**Exercise details:**
Beneath this instruction is a listing; print exactly the lines in it starting at the line that contains "食器棚 収納 完成品 スリム" and going through the line that contains "Driveway with car".

[Start of Attachment]

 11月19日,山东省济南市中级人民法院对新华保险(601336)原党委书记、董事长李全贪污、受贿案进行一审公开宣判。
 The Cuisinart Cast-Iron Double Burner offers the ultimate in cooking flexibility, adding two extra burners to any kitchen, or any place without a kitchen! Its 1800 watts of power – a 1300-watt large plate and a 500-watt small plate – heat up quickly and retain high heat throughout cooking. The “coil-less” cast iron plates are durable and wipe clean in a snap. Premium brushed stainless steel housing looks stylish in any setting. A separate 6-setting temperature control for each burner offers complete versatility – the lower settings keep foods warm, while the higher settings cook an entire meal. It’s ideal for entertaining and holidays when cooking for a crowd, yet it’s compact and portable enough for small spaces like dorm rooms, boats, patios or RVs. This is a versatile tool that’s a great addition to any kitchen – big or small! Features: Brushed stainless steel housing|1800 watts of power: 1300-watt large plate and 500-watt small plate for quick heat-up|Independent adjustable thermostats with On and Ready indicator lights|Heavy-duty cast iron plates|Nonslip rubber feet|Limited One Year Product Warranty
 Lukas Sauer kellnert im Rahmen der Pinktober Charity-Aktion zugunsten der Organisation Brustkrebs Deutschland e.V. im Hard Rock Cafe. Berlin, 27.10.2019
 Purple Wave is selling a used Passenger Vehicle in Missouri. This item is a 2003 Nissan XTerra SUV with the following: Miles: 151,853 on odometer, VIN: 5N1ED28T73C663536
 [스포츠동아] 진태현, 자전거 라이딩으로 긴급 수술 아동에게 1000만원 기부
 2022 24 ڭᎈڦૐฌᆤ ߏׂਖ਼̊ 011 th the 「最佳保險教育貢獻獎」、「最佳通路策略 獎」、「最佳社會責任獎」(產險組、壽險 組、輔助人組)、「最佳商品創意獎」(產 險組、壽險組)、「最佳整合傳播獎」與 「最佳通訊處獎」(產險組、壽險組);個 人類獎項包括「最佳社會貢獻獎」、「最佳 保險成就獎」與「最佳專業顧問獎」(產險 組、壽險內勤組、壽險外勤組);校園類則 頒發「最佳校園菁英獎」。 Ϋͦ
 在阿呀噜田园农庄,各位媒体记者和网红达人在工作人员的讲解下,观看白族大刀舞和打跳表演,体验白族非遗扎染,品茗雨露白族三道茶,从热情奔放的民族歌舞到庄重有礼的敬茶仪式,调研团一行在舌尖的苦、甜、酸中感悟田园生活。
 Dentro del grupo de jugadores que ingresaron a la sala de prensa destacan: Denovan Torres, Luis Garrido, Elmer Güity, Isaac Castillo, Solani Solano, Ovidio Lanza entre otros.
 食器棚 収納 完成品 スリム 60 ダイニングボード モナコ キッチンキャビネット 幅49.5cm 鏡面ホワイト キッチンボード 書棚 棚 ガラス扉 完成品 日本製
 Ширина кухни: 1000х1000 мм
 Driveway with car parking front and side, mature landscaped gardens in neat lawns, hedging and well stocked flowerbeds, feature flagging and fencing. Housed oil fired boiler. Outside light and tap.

[End of Attachment]
[Start of Attachment]

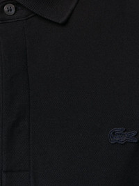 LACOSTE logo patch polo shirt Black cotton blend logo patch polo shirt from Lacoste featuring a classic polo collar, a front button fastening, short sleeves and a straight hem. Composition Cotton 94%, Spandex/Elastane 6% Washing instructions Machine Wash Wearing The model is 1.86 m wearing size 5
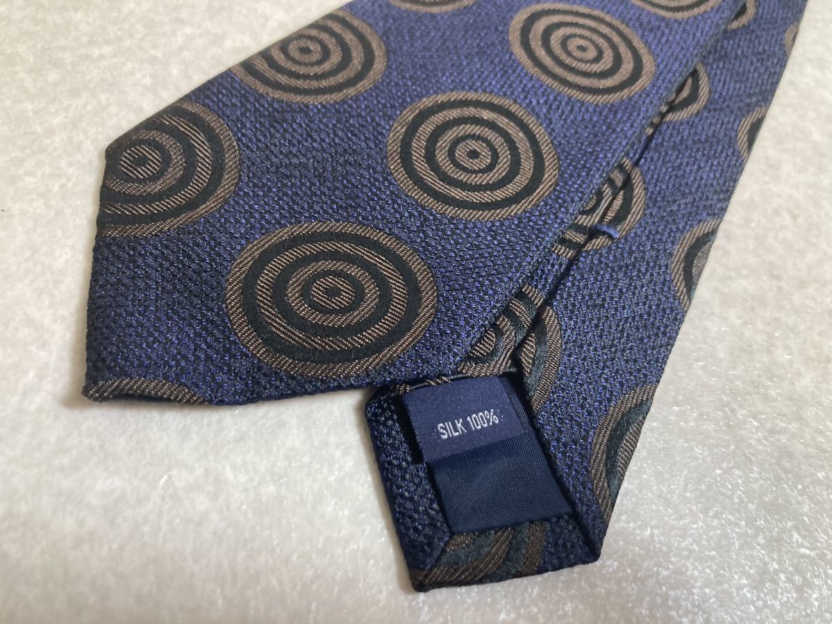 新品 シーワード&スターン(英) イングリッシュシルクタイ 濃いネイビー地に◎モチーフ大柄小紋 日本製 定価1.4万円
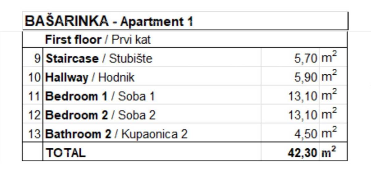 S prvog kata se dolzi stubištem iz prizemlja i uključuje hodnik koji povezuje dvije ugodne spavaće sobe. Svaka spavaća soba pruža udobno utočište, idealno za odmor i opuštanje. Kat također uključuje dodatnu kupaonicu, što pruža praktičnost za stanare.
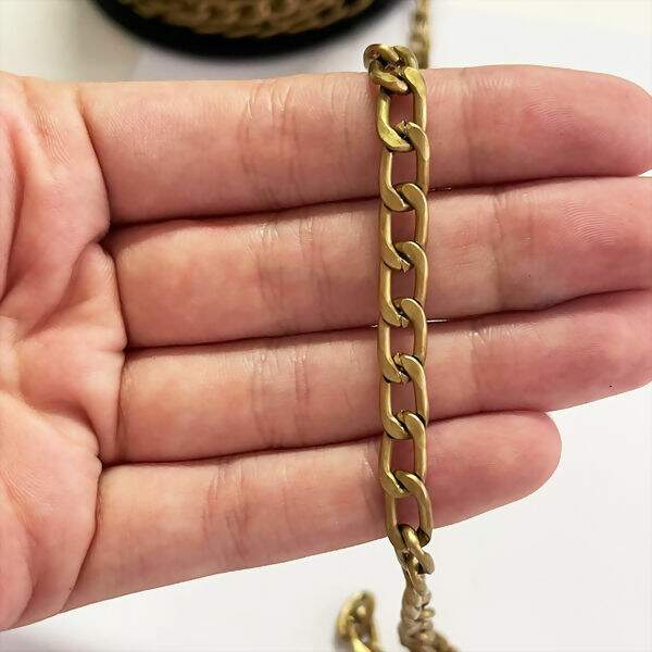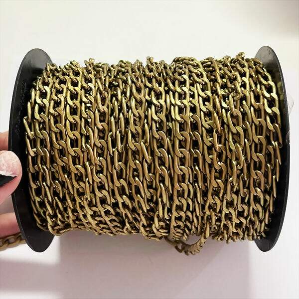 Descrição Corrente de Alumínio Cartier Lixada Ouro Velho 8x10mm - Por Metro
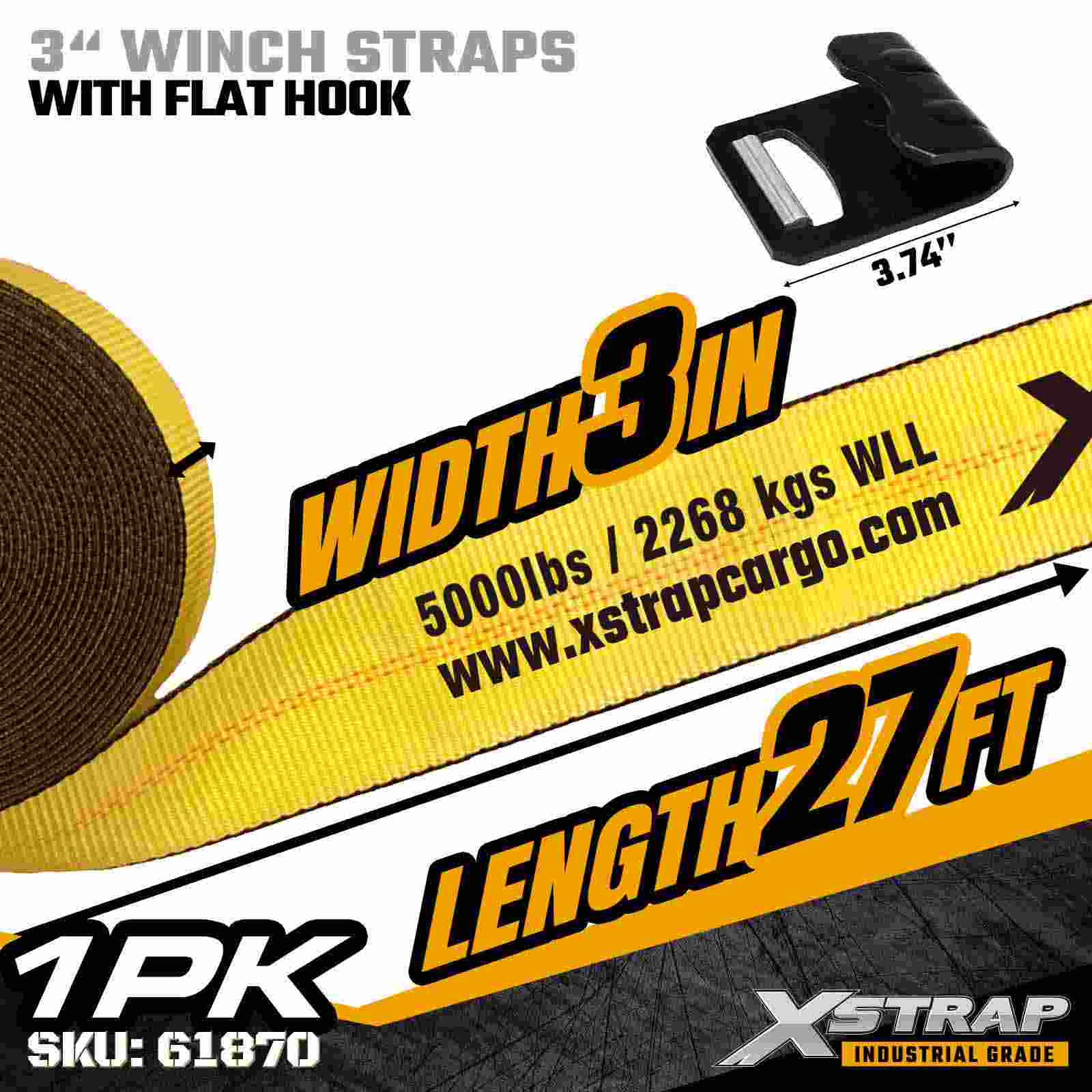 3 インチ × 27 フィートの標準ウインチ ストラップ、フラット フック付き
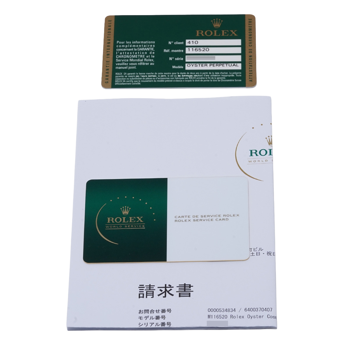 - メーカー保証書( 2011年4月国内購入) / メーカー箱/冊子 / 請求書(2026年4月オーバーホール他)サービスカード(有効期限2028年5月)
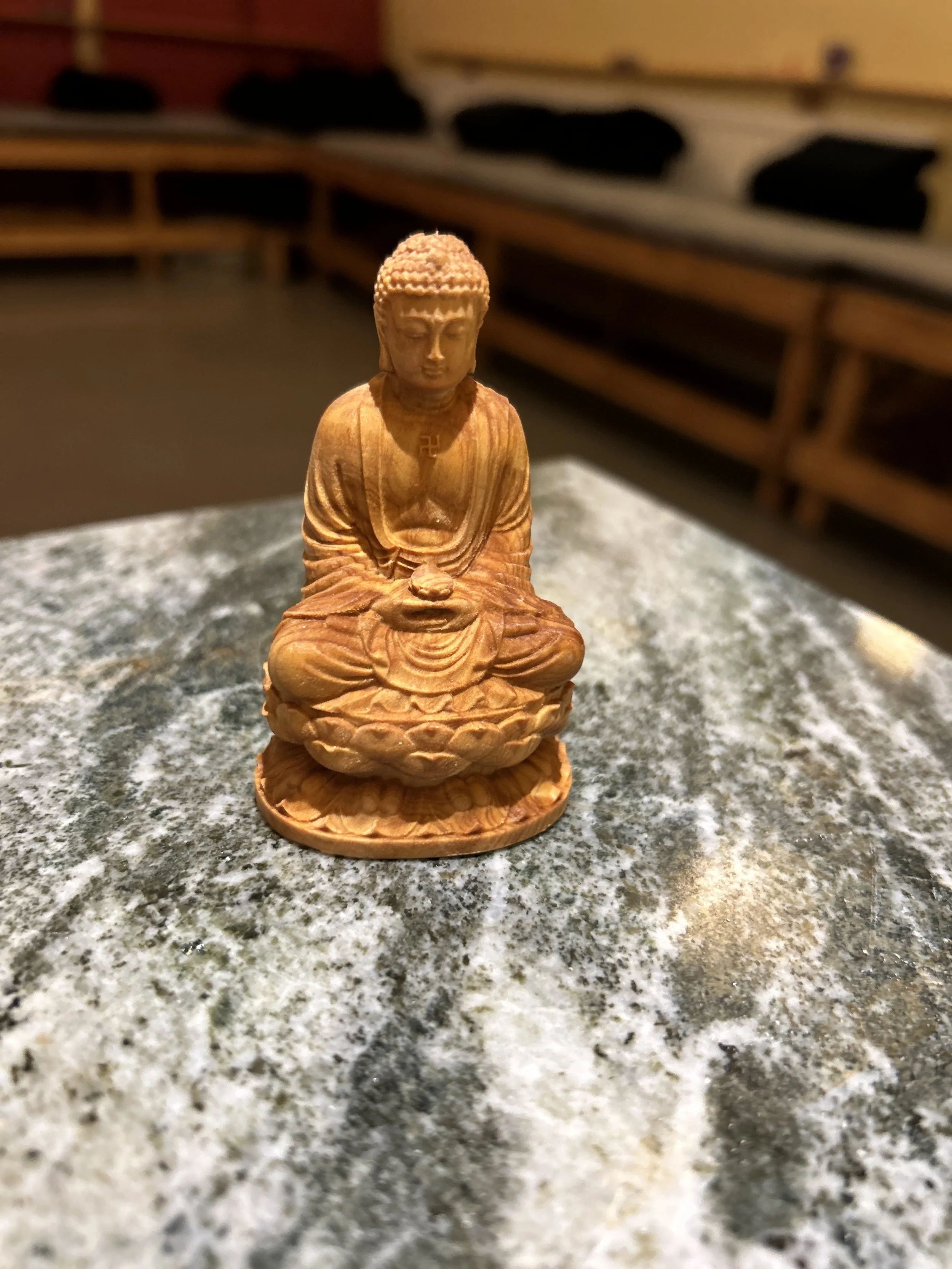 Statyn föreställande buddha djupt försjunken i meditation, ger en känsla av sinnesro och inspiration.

[End of Attachment]

**Finished task:**
 食器棚 収納 完成品 スリム 60 ダイニングボード モナコ キッチンキャビネット 幅49.5cm 鏡面ホワイト キッチンボード 書棚 棚 ガラス扉 完成品 日本製
 Ширина кухни: 1000х1000 мм
 Driveway with car parking front and side, mature landscaped gardens in neat lawns, hedging and well stocked flowerbeds, feature flagging and fencing. Housed oil fired boiler. Outside light and tap.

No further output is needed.